CREATE OR REPLACE TABLE texts (
original_text STRING
);
-- Insert sample data
INSERT INTO texts (original_text)
VALUES
('The quick brown fox feels happy and joyful'),
('A hard journey, but it was painful and sad'),
('Uncertain outcomes leave everyone unsure and hesitant'),
('The movie was excellent and everyone loved it'),
('A terrible experience that made me feel bad');
SELECT
original_text,
sentiment_analysis(original_text) AS processed_text
FROM
texts;
| original_text | processed_text |
|----------------------------------------------------------|---------------------------------------------------|
| The quick brown fox feels happy and joyful | Sentiment Score: 1; Sentiment Label: Positive |
| A hard journey, but it was painful and sad | Sentiment Score: -1; Sentiment Label: Negative |
| Uncertain outcomes leave everyone unsure and hesitant | Sentiment Score: 0; Sentiment Label: Neutral |
| The movie was excellent and everyone loved it | Sentiment Score: 1; Sentiment Label: Positive |
| A terrible experience that made me feel bad | Sentiment Score: -2; Sentiment Label: Negative |
JavaScript
A JavaScript UDF allows you to invoke JavaScript code from a SQL query via Databend's built-in handler, enabling seamless integration of JavaScript logic within your SQL queries.
Data Type Mappings
The following table shows the type mapping between Databend and JavaScript:
Databend Type | JS Type |
---|---|
NULL | null |
BOOLEAN | Boolean |
TINYINT | Number |
TINYINT UNSIGNED | Number |
SMALLINT | Number |
SMALLINT UNSIGNED | Number |
INT | Number |
INT UNSIGNED | Number |
BIGINT | Number |
BIGINT UNSIGNED | Number |
FLOAT | Number |
DOUBLE | Number |
STRING | String |
DATE / TIMESTAMP | Date |
DECIMAL | BigDecimal |
BINARY | Uint8Array |
Usage Examples
This example defines a JavaScript UDF named "gcd_js" to calculate the greatest common divisor (GCD) of two integers, and applies it within a SQL query:
CREATE FUNCTION gcd_js (INT, INT) RETURNS BIGINT LANGUAGE javascript HANDLER = 'gcd_js' AS $$
export function gcd_js(a, b) {
while (b != 0) {
let t = b;
b = a % b;
a = t;
}
return a;
}
$$
SELECT
number,
gcd_js((number * 3), (number * 6))
FROM
numbers(5)
WHERE
(number > 0)
ORDER BY 1;
WebAssembly
A WebAssembly UDF allows users to define custom logic or operations using languages that compile to WebAssembly.
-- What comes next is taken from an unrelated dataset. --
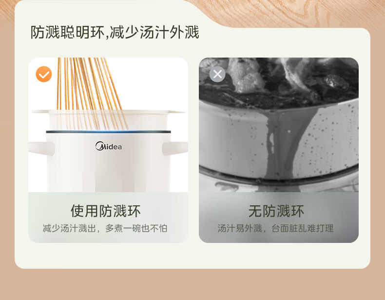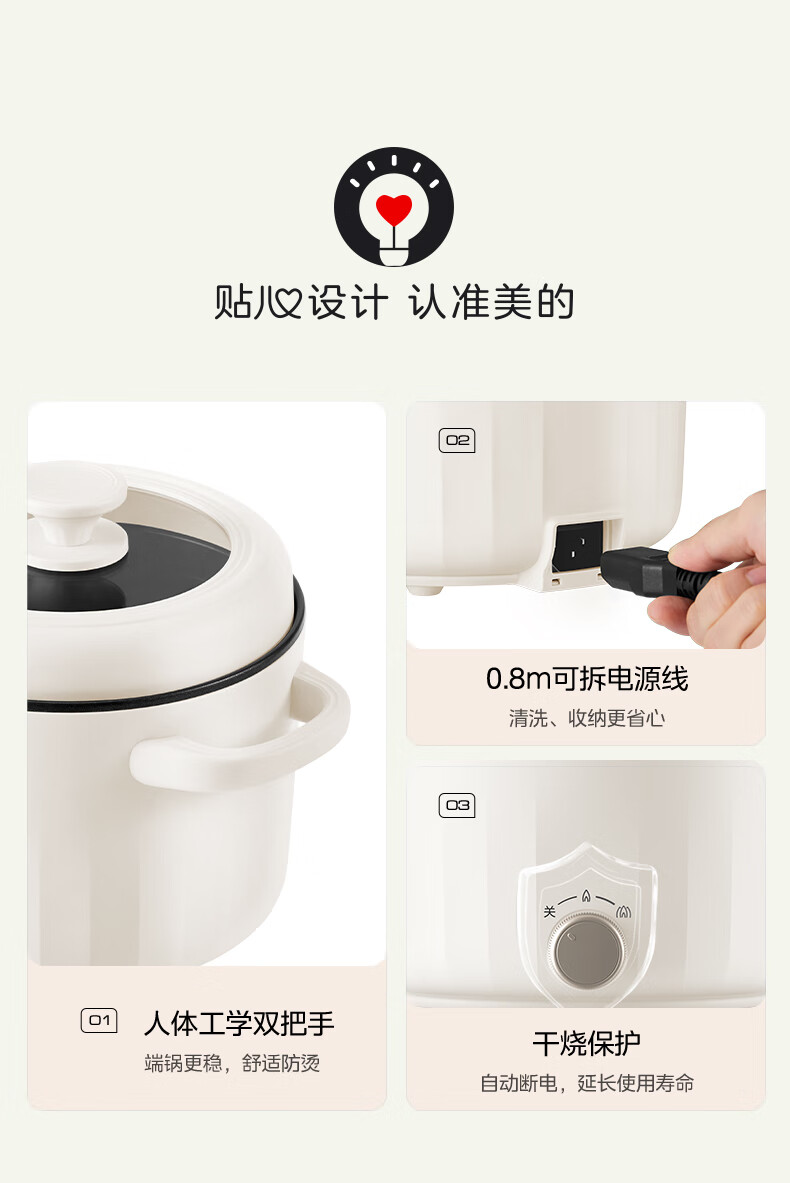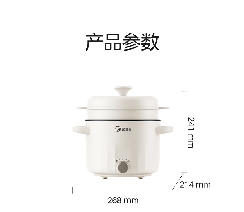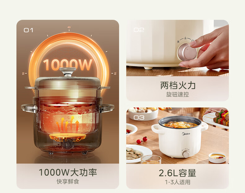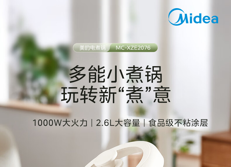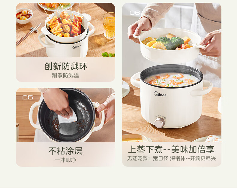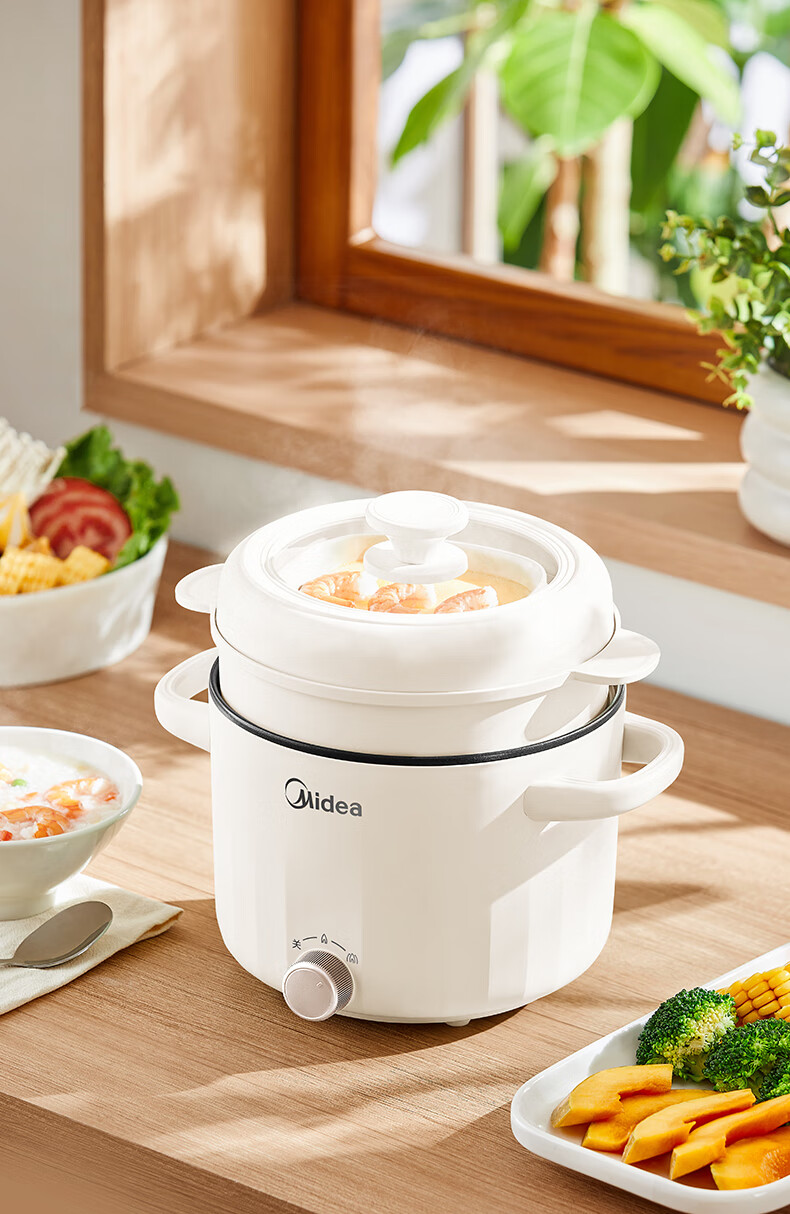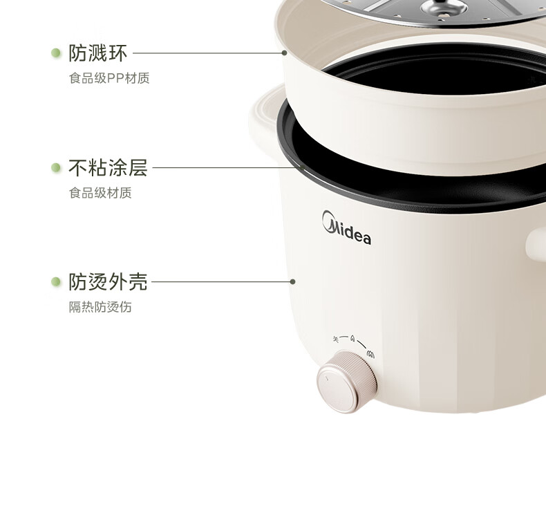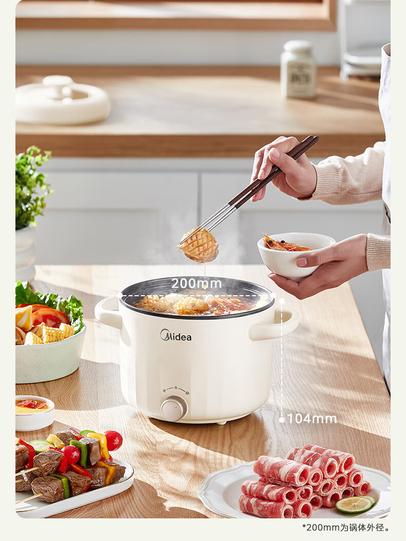 Midea electric cooker, household multi-functional small cooker, dormitory student pot, smart electric pot, low-power electric hot pot, hot pot, instant noodle pot, steaming and cooking integrated non-stick pot 1.7L non-stick inner pot XZE1612

These UDFs can then be invoked directly within SQL queries to perform specific computations or data transformations.
Usage Examples
In this example, the "wasm_gcd" function is created to compute the greatest common divisor (GCD) of two integers. The function is defined using WebAssembly and its implementation resides in the 'test10_udf_wasm_gcd.wasm.zst' binary file.
Prior to its execution, the function implementation undergoes a series of steps. First, it is compiled into a binary file, followed by compression into 'test10_udf_wasm_gcd.wasm.zst'. Finally, the compressed file is uploaded to a stage in advance.
The function can be implemented in Rust, as demonstrated in the example available at https://github.com/risingwavelabs/arrow-udf/blob/main/arrow-udf-wasm/examples/wasm.rs
CREATE FUNCTION wasm_gcd (INT, INT) RETURNS INT LANGUAGE wasm HANDLER = 'wasm_gcd(int4,int4)->int4' AS $$@data/udf/test10_udf_wasm_gcd.wasm.zst$$;
SELECT
number,
wasm_gcd((number * 3), (number * 6))
FROM
numbers(5)
WHERE
(number > 0)
ORDER BY 1;
Managing UDFs
Databend provides a variety of commands to manage UDFs. For details, see User-Defined Function.